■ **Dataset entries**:
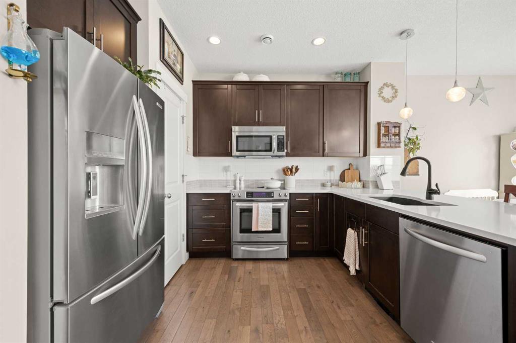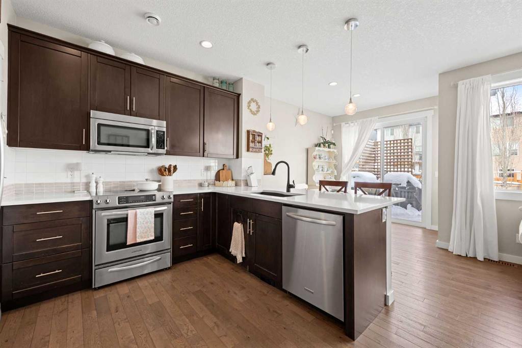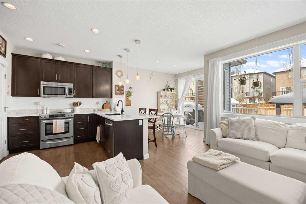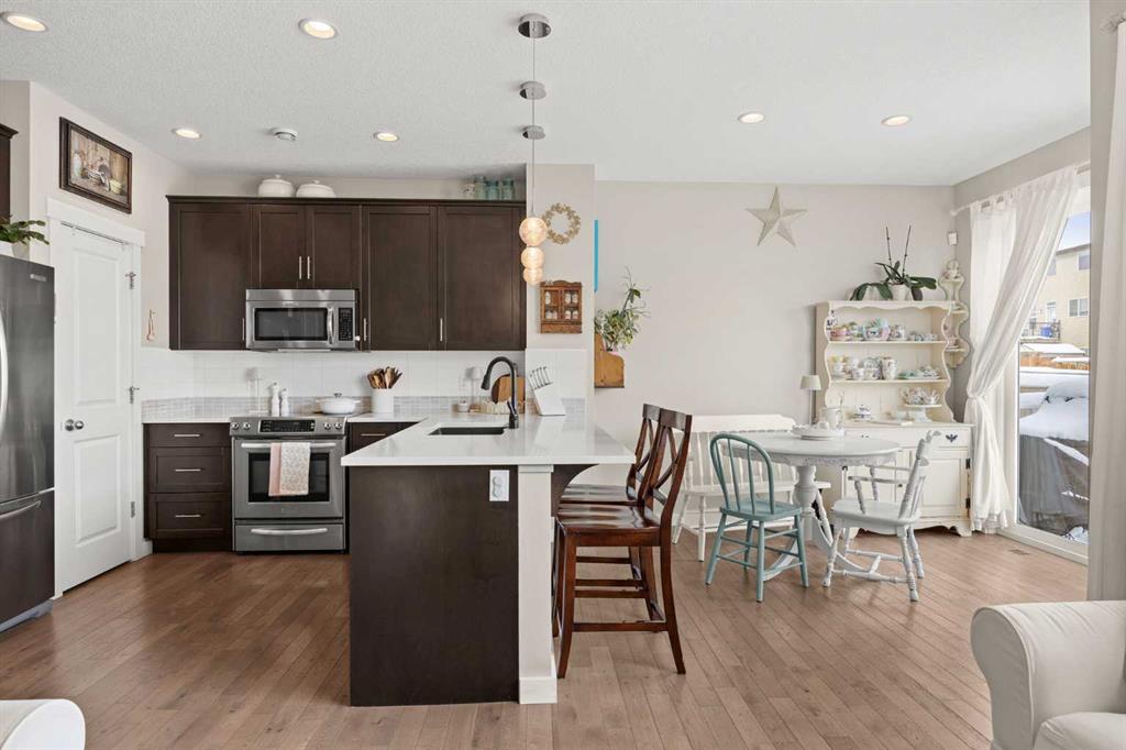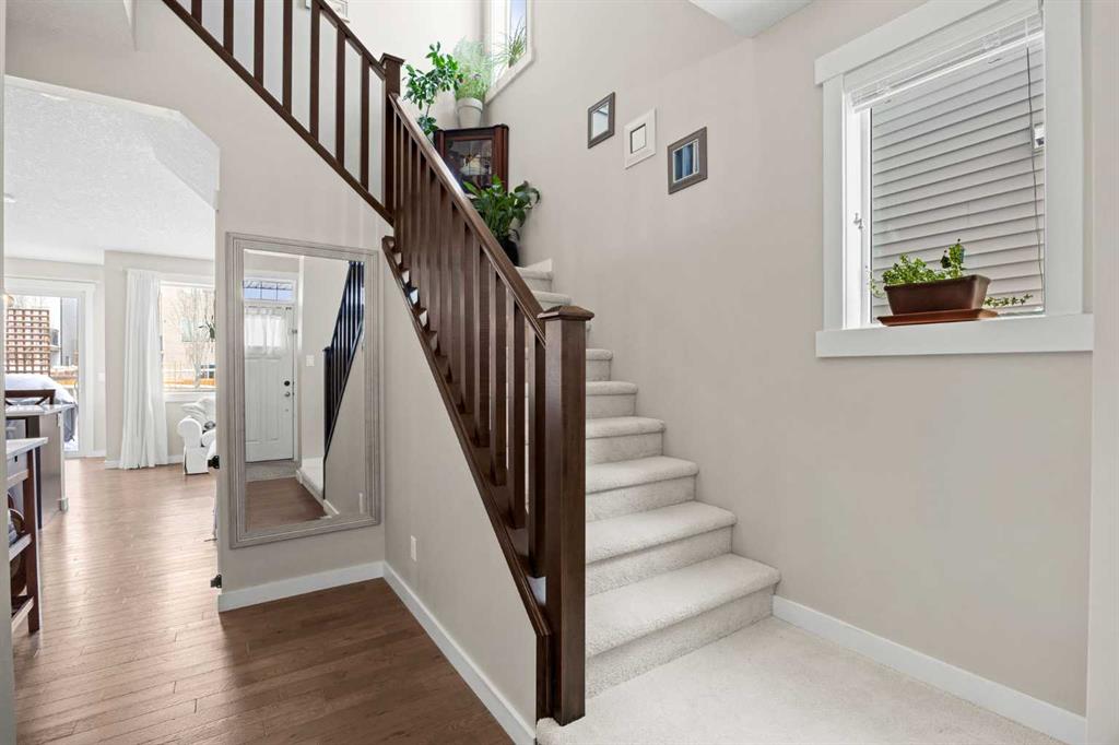 Welcome to a beautiful home in Northwest Calgary, offering great value at an affordable price point. With 3 bedrooms and 2.5 bathrooms, this is the perfect fit for a first-time buyer or a young family! A bright, open main floor layout is complemented by hardwood flooring throughout. The kitchen features quartz countertops, stainless steel appliances, and ample counter space. Just off the kitchen, the dining area is well-sized and makes everyday meals and hosting feel easy. Nearby, the living room offers a warm and inviting space with a natural gas fireplace, flowing seamlessly from the dining area. A powder room completes this level, while the single attached garage adds everyday comfort and convenience.
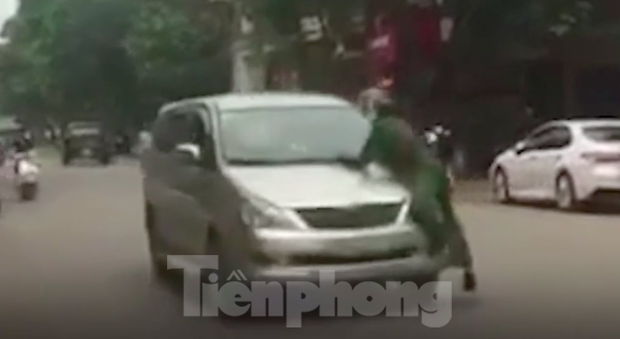 Thấy xe lao đến, cả tổ công tác vội dạt tránh, tuy nhiên một chiến sĩ Cảnh sát trật tự trong tổ công tác không tránh kịp nên đã bật lên đu bám vào nắp ca pô xe để đảm bảo an toàn.
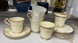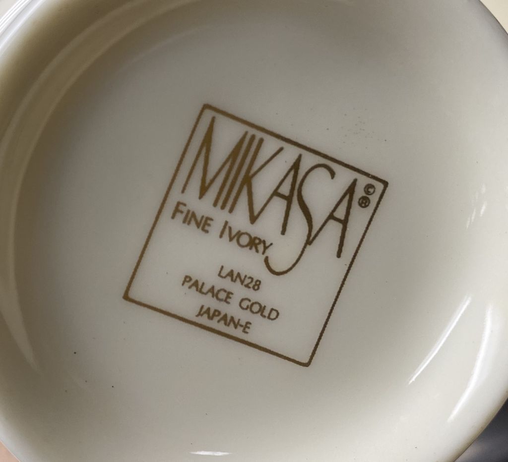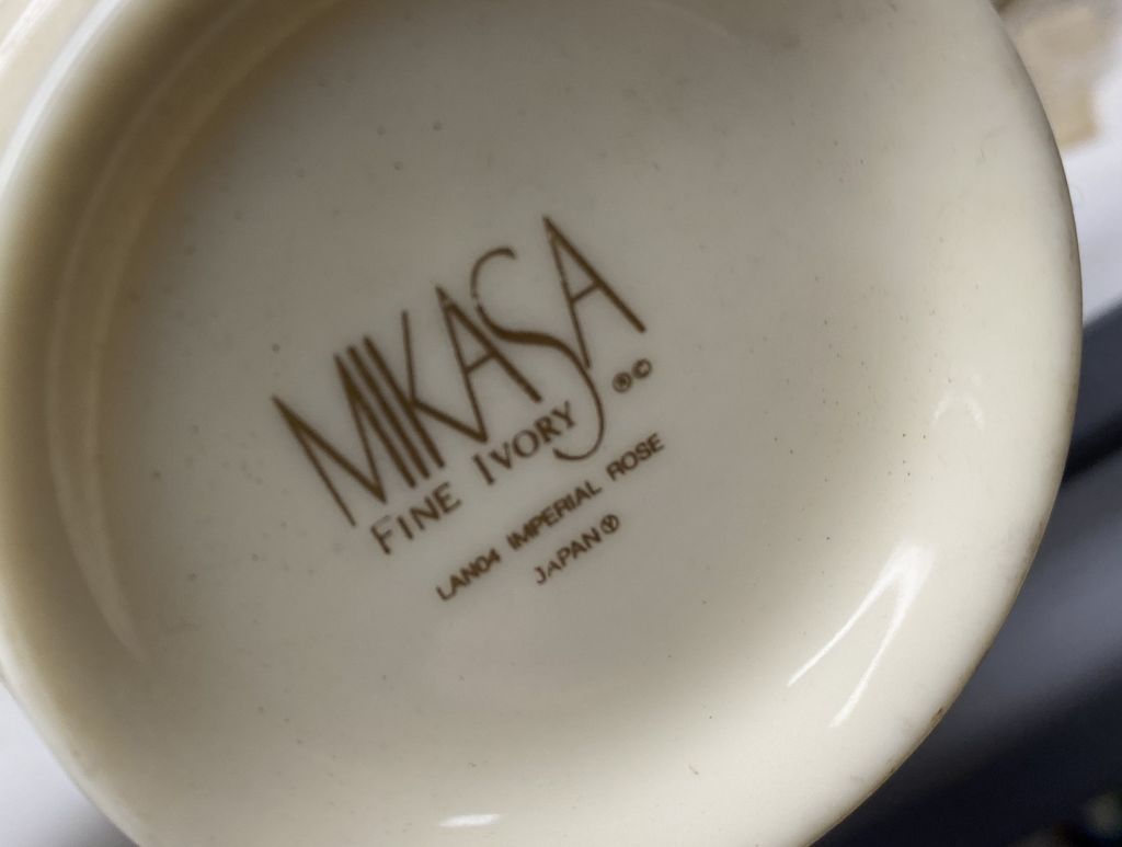 Assorted Group of Porcelain china, cups, dessert plates, saucer, Mikasa Imperial Rose, Palace Gold, Location Right Metal Shelves Assorted Group of Porcelain china, cups, dessert plates, saucer, Mikasa Imperial Rose, Palace Gold, Location Right Metal Shelves
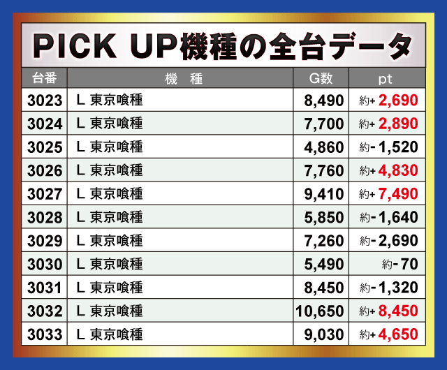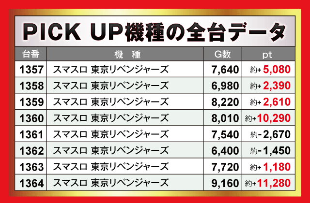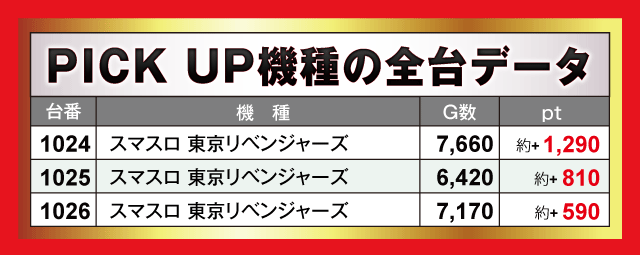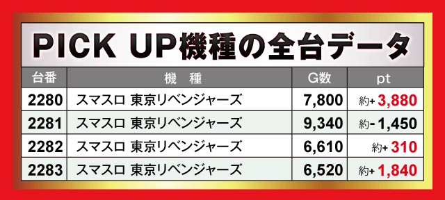 今回の全店共通PICK UP機種は前回と同じく『スマスロ 東京リベンジャーズ』。全店舗の総台数24台のうち半数以上の17台がプラス差枚に。しかも、平均差枚は+2,000pt超を記録しており、各店舗のシマは終日ファンの笑顔と活気満ち溢れていた。
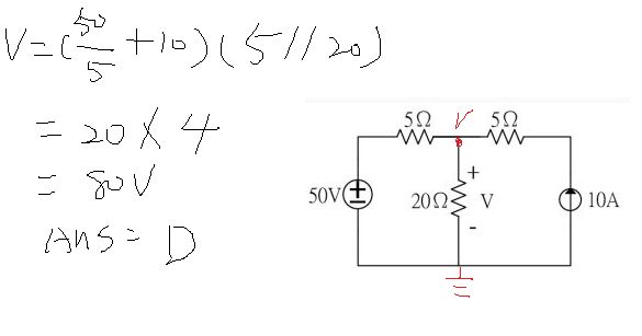 7. 試求下圖所示的直流電路中,跨於 20 歐姆的電阻器兩端之電壓為多少?
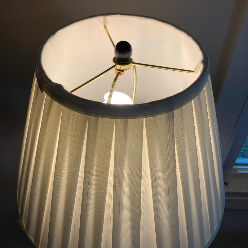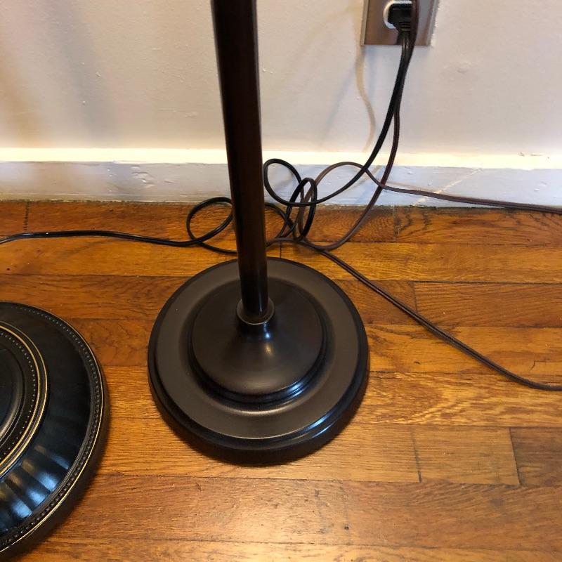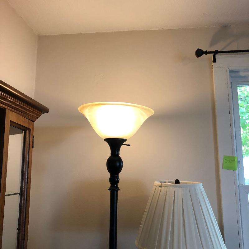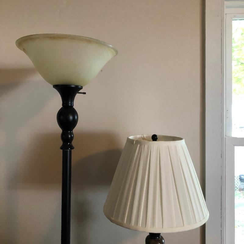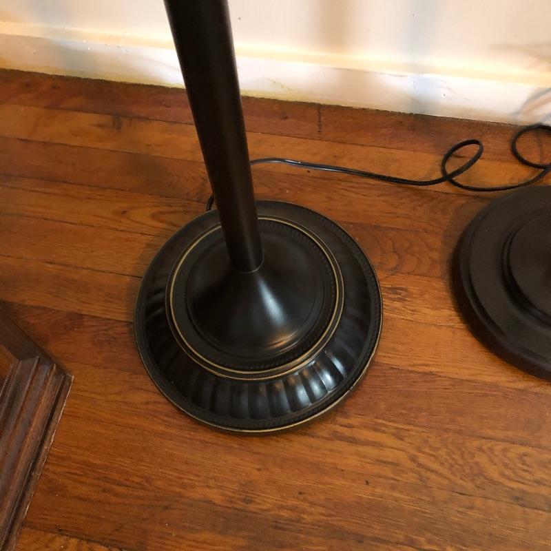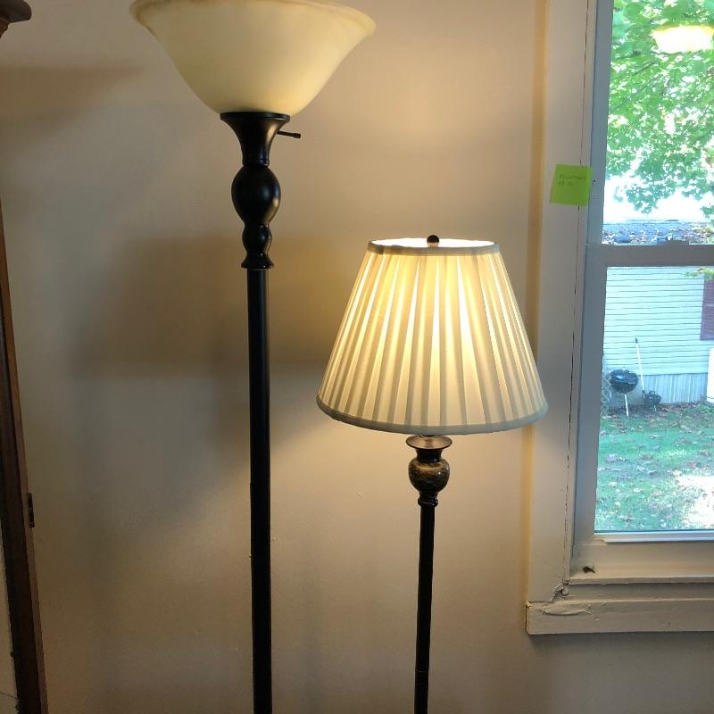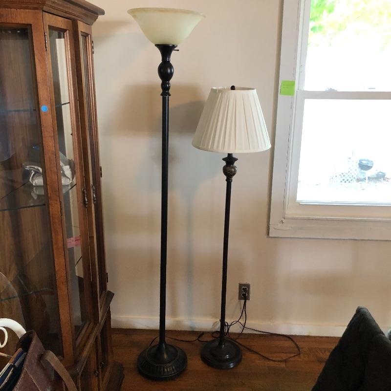 These two floor lamps both have dark aged bronze colored bases. The tallest lamp is an up lighter with a frosted glass shade. The other lamp has an ivory colored shade.
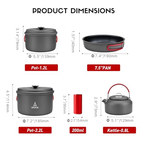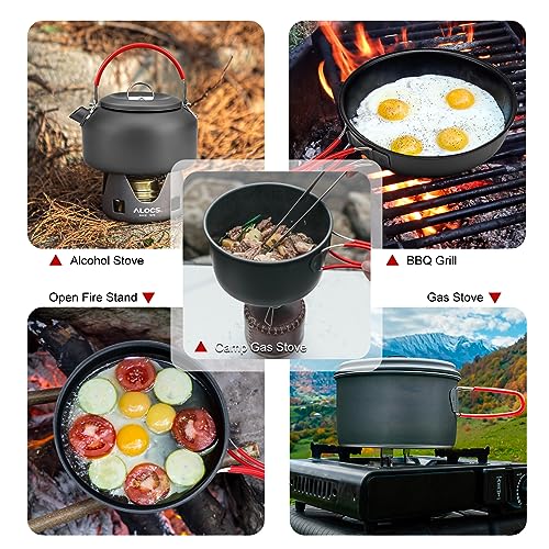 ALOCS Camping Cookware Set,Durable Aluminum Camping Cooking Set, Compact Camping Pots and Pans Set with Kettle, Non-Stick Camping Pan Camping Essentials for Outdoor Cooking, Hiking, and Picnics.
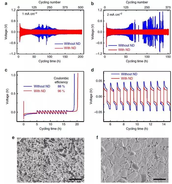 0.5mA cm-2電流密度下有添加劑(e)和無添加劑(f)的鋰沉積形貌。
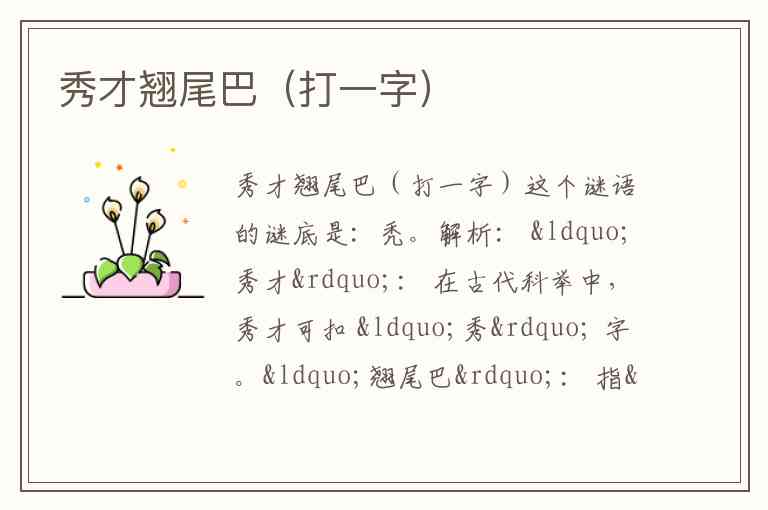 解析: “秀才”: 在古代科举中,秀才可扣 “秀” 字。

■ **What to do**: Could you set down every record above word for word, leaving out the pictures?

■ **Response box**:
 Welcome to a beautiful home in Northwest Calgary, offering great value at an affordable price point. With 3 bedrooms and 2.5 bathrooms, this is the perfect fit for a first-time buyer or a young family! A bright, open main floor layout is complemented by hardwood flooring throughout. The kitchen features quartz countertops, stainless steel appliances, and ample counter space. Just off the kitchen, the dining area is well-sized and makes everyday meals and hosting feel easy. Nearby, the living room offers a warm and inviting space with a natural gas fireplace, flowing seamlessly from the dining area. A powder room completes this level, while the single attached garage adds everyday comfort and convenience.
 Thấy xe lao đến, cả tổ công tác vội dạt tránh, tuy nhiên một chiến sĩ Cảnh sát trật tự trong tổ công tác không tránh kịp nên đã bật lên đu bám vào nắp ca pô xe để đảm bảo an toàn.
 Assorted Group of Porcelain china, cups, dessert plates, saucer, Mikasa Imperial Rose, Palace Gold, Location Right Metal Shelves Assorted Group of Porcelain china, cups, dessert plates, saucer, Mikasa Imperial Rose, Palace Gold, Location Right Metal Shelves
 今回の全店共通PICK UP機種は前回と同じく『スマスロ 東京リベンジャーズ』。全店舗の総台数24台のうち半数以上の17台がプラス差枚に。しかも、平均差枚は+2,000pt超を記録しており、各店舗のシマは終日ファンの笑顔と活気満ち溢れていた。
 7. 試求下圖所示的直流電路中,跨於 20 歐姆的電阻器兩端之電壓為多少?
 These two floor lamps both have dark aged bronze colored bases. The tallest lamp is an up lighter with a frosted glass shade. The other lamp has an ivory colored shade.
 ALOCS Camping Cookware Set,Durable Aluminum Camping Cooking Set, Compact Camping Pots and Pans Set with Kettle, Non-Stick Camping Pan Camping Essentials for Outdoor Cooking, Hiking, and Picnics.
 0.5mA cm-2電流密度下有添加劑(e)和無添加劑(f)的鋰沉積形貌。
 解析: “秀才”: 在古代科举中,秀才可扣 “秀” 字。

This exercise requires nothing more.